Supplied entries below:

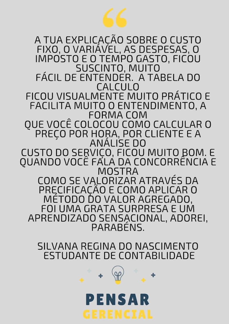 Além disso, devemos considerar também os seus gastos com insumos, folha de pagamento de funcionários, material de limpeza e investimentos feitos para abertura do escritório.
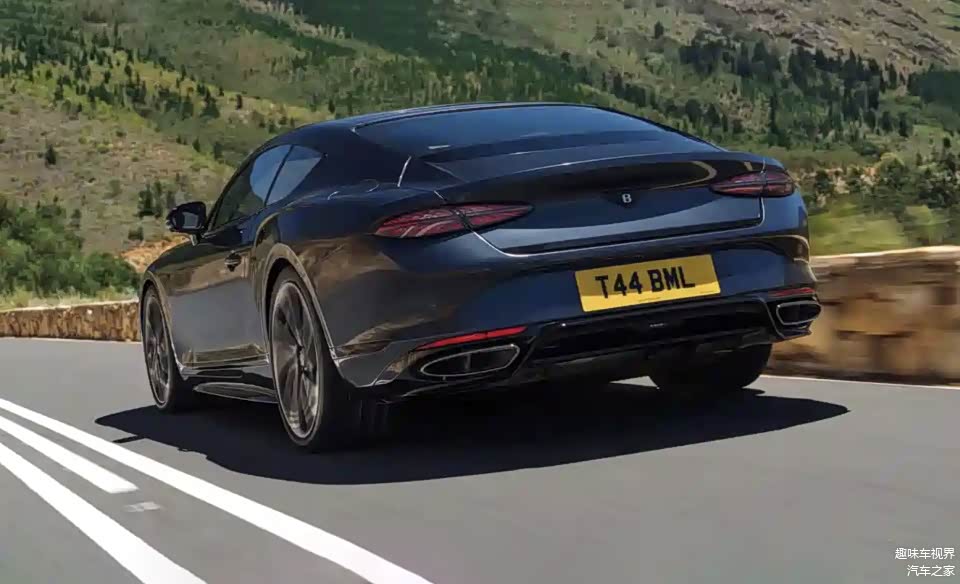 车身侧面延续经典GT轿跑姿态,线条流畅舒展,后轮轮拱大幅隆起,勾勒出饱满的肌肉感,硬顶版采用溜背造型,敞篷版可在50km/h以下完成顶篷的折叠与展开。新车配备22英寸定向式轮毂,灵感源自猛虎利爪,提供熏黑抛光、亮黑或银色涂装可选,搭配红色刹车卡钳,运动气质拉满。车尾优化为经典椭圆形LED尾灯,搭配烟熏灯罩与双边共四出排气系统,保险杠经过重新设计,整体兼顾奢华格调与运动气场。
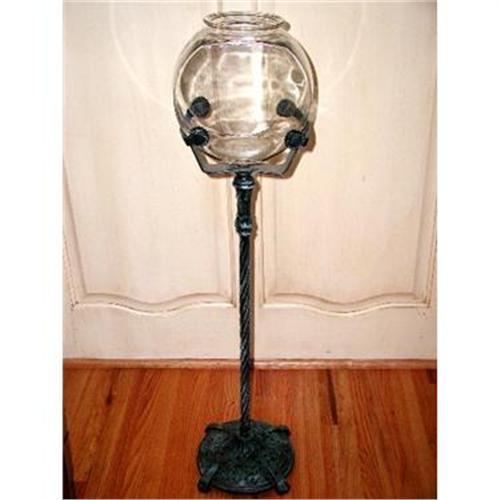Unusual Victorian verdigris wrought iron decorative fish bowl and stand C.1885. Ornate round sturdy base with 4 feet has pierced work below the swirled cane style pedestal. Four metal rosette clamps with base hold the 8.5H X 8.5L X 5 D fish bowl securely in place. The fish bowl has no doubt been replaced over the years,with the stand being original. Beautiful viewing of the fish in the style with no threat of cat attack as would be on a table version. Overall measurement of 36.5H X 8.5L X 9D bowl and stand.
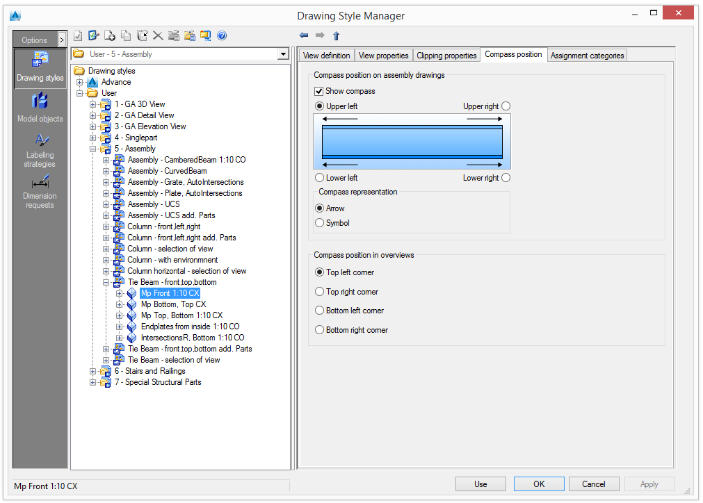 To display the compass in the drawings, check Show compass in the "View location" area.
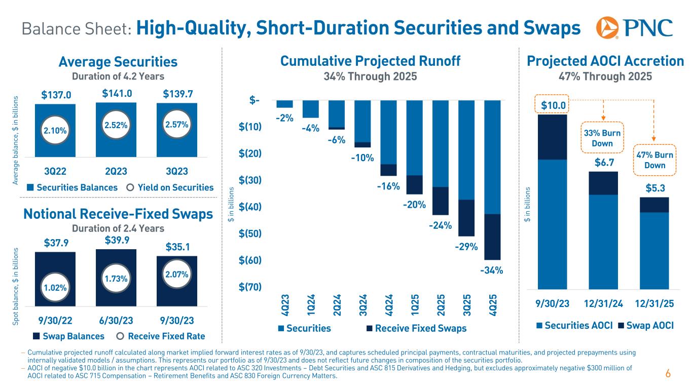 32% 27% 26% 68% 73% 74% 0.45% 1.96% 2.26% 3Q22 2Q23 3Q23 Balance Sheet: Strong Deposit Mix 5 − IB Deposits represent interest-bearing deposits, and NIB Deposits represent noninterest-bearing deposits. − Cumulative deposit beta is calculated as the increase in the rate paid on interest-bearing deposits (excluding time deposits) at each period presented divided by the incremental increase in the Federal Reserve rate since February 2022. PNC’s Deposit Mix Shift Driven by Commercial Deposits 10% 10% 10% 90% 90% 90% 3Q22 2Q23 3Q23 55% 45% 42% 45% 55% 58% 3Q22 2Q23 3Q23 Consumer Commercial Consolidated IB DepositsNIB Deposits IB DepositsNIB Deposits $223 $218 $216 $204 $439 $423 Av er ag e ba la nc e, $ in b ill io ns Forecasted Cumulative Deposit Beta $426$222 $205 Average Rate Paid on IB Deposits 42% 44% 41% 44% 9/30/23 12/31/23 Historical October ExpectationActualJuly Expectation Forecast

End of Supplied entries.

# Problem statement
Now repeat exactly the lines from the one with "车身侧面延续经典GT轿跑姿态" through the end of the listing above, both included, omitting all pictures.

# Exercise response
 车身侧面延续经典GT轿跑姿态,线条流畅舒展,后轮轮拱大幅隆起,勾勒出饱满的肌肉感,硬顶版采用溜背造型,敞篷版可在50km/h以下完成顶篷的折叠与展开。新车配备22英寸定向式轮毂,灵感源自猛虎利爪,提供熏黑抛光、亮黑或银色涂装可选,搭配红色刹车卡钳,运动气质拉满。车尾优化为经典椭圆形LED尾灯,搭配烟熏灯罩与双边共四出排气系统,保险杠经过重新设计,整体兼顾奢华格调与运动气场。
Unusual Victorian verdigris wrought iron decorative fish bowl and stand C.1885. Ornate round sturdy base with 4 feet has pierced work below the swirled cane style pedestal. Four metal rosette clamps with base hold the 8.5H X 8.5L X 5 D fish bowl securely in place. The fish bowl has no doubt been replaced over the years,with the stand being original. Beautiful viewing of the fish in the style with no threat of cat attack as would be on a table version. Overall measurement of 36.5H X 8.5L X 9D bowl and stand.
 To display the compass in the drawings, check Show compass in the "View location" area.
 32% 27% 26% 68% 73% 74% 0.45% 1.96% 2.26% 3Q22 2Q23 3Q23 Balance Sheet: Strong Deposit Mix 5 − IB Deposits represent interest-bearing deposits, and NIB Deposits represent noninterest-bearing deposits. − Cumulative deposit beta is calculated as the increase in the rate paid on interest-bearing deposits (excluding time deposits) at each period presented divided by the incremental increase in the Federal Reserve rate since February 2022. PNC’s Deposit Mix Shift Driven by Commercial Deposits 10% 10% 10% 90% 90% 90% 3Q22 2Q23 3Q23 55% 45% 42% 45% 55% 58% 3Q22 2Q23 3Q23 Consumer Commercial Consolidated IB DepositsNIB Deposits IB DepositsNIB Deposits $223 $218 $216 $204 $439 $423 Av er ag e ba la nc e, $ in b ill io ns Forecasted Cumulative Deposit Beta $426$222 $205 Average Rate Paid on IB Deposits 42% 44% 41% 44% 9/30/23 12/31/23 Historical October ExpectationActualJuly Expectation Forecast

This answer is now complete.